# [Exercise prompt]
Exactly as they appear, retype the lines from the one containing "GROWS目标制定:每个员工" through the final line of the data below. Leave pictures out.

# [Available records]
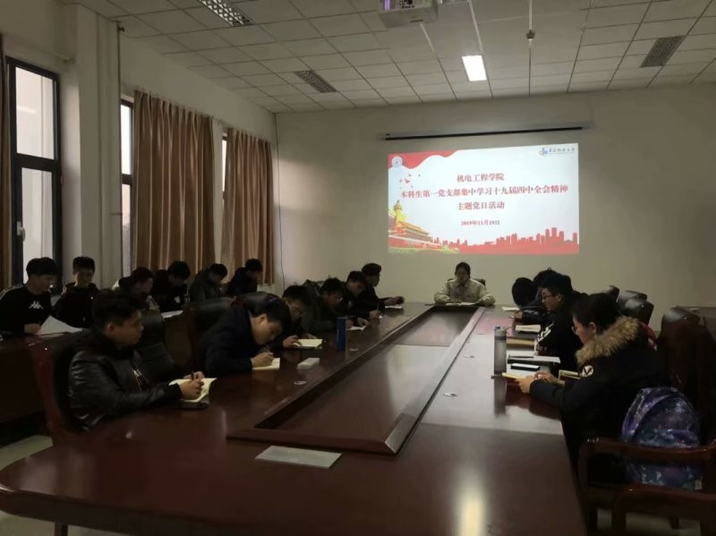 根据学校《关于持续深入开展“不忘初心、牢记使命”主题教育学习教育的通知》、best365体育官网平台“不忘初心、牢记使命”主题教育安排,11月19日下午,本科生第一党支部在518会议室开展了学习十九届四中全会精神主题党日活动,活动由党支部副书记郭佩佩主持,全体学生党员参加了活动。
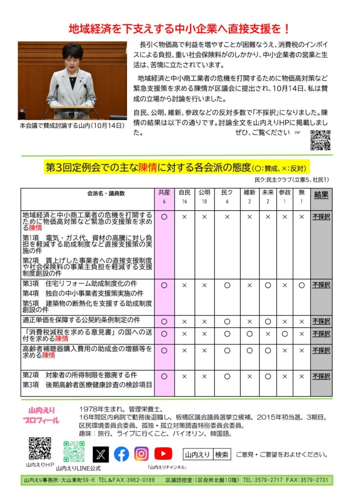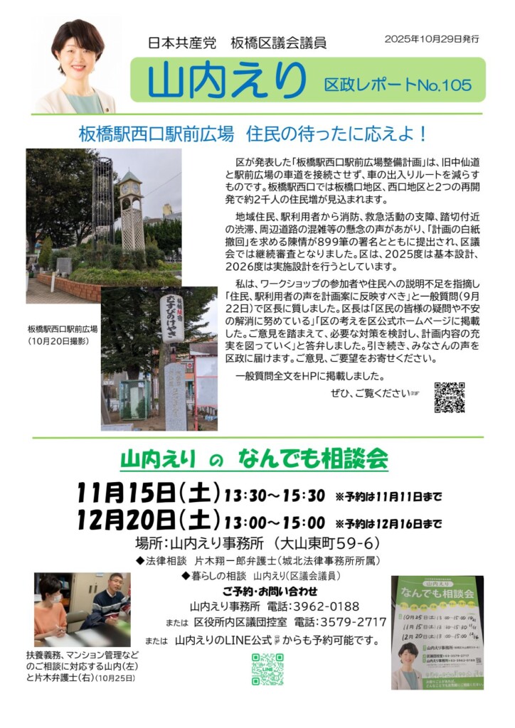 区政レポートNo.105を発行しました! 〇板橋駅西口駅前広場 住民の待ったに応えよ! 〇山内えりのなんでも相談会 ・11月15日(土)13:30~ ・12月20日(土)13:00~ 〇地域経済を下支えする中小企業へ直 ...
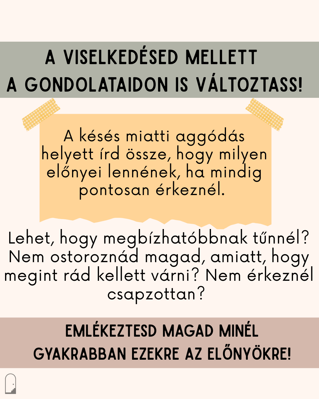 A késés miatti aggódás helyett írd össze, hogy milyen előnyei lennének, ha mindig pontosan érkeznél.
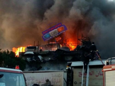 اندلع حريق كبير مساء يوم أمس الثلاثاء في احدى المحلات التجاريه
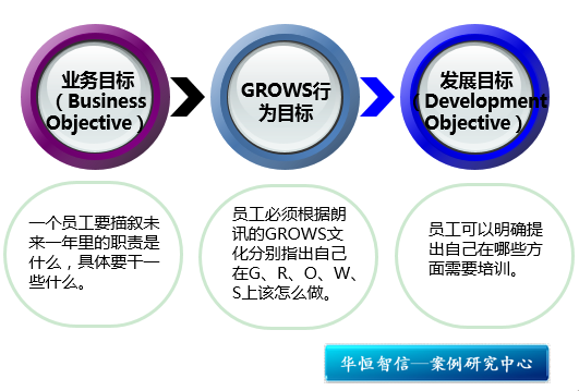 GROWS目标制定:每个员工通过制定GROWS行为目标,来强化对朗讯文化的把握和具体执行。
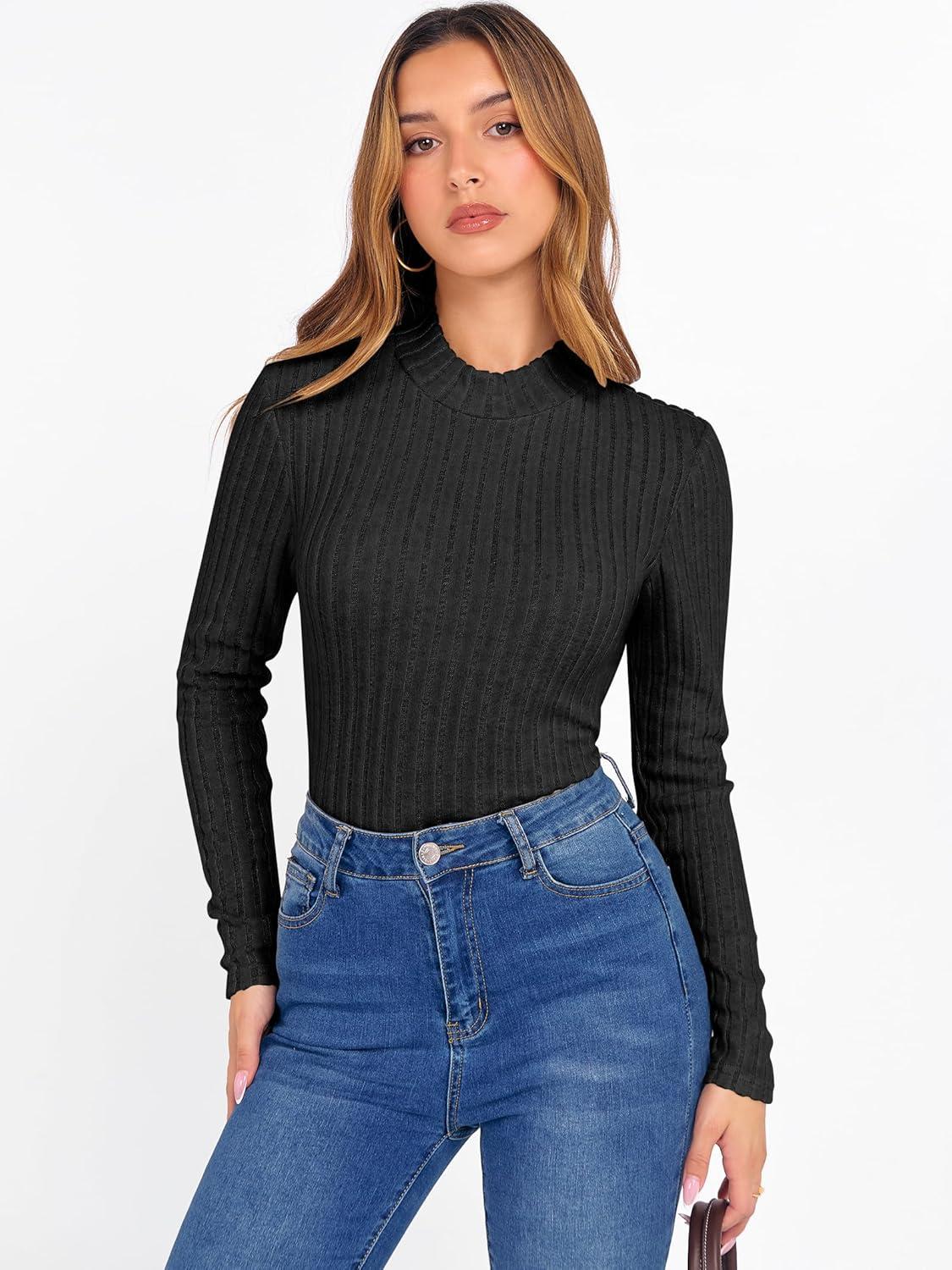 ANRABESS Women’s Long Sleeve Tops Mock Neck Ribbed Knit Slim Fit Pleated Basic T Shirts Lightweight Sweater Going Out Clothes(Black)

# [Result]
 GROWS目标制定:每个员工通过制定GROWS行为目标,来强化对朗讯文化的把握和具体执行。
 ANRABESS Women’s Long Sleeve Tops Mock Neck Ribbed Knit Slim Fit Pleated Basic T Shirts Lightweight Sweater Going Out Clothes(Black)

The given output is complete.